TASK PROMPT:
From the data underneath, reproduce exactly the stretch that begins at the line with "A MECHANICS DREAM" and ends after the line with "Beyaz Organik Keten".

EXERCISE DATA:
__________

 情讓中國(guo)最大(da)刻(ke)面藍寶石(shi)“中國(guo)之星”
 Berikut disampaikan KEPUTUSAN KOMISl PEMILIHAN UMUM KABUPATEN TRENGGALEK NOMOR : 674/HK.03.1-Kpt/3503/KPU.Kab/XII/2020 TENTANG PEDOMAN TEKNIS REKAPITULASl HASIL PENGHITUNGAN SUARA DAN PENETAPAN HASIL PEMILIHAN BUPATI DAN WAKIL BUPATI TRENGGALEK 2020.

__________

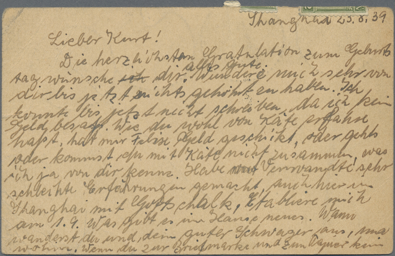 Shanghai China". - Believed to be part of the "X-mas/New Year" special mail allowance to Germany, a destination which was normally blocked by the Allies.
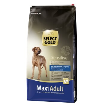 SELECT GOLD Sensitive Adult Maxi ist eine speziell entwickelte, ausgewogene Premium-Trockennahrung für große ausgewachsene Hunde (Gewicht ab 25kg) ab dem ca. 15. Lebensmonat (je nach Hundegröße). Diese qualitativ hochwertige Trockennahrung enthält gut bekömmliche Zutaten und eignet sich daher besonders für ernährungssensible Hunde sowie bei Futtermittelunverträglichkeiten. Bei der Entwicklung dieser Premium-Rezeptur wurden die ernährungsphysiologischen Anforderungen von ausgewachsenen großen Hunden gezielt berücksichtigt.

__________

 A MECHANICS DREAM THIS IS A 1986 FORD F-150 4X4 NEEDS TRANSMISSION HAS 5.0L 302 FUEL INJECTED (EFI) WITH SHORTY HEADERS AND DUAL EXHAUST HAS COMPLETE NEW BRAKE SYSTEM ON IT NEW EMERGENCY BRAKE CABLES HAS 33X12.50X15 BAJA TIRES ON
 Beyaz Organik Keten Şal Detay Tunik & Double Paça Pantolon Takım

__________

TASK SOLUTION:
 A MECHANICS DREAM THIS IS A 1986 FORD F-150 4X4 NEEDS TRANSMISSION HAS 5.0L 302 FUEL INJECTED (EFI) WITH SHORTY HEADERS AND DUAL EXHAUST HAS COMPLETE NEW BRAKE SYSTEM ON IT NEW EMERGENCY BRAKE CABLES HAS 33X12.50X15 BAJA TIRES ON
 Beyaz Organik Keten Şal Detay Tunik & Double Paça Pantolon Takım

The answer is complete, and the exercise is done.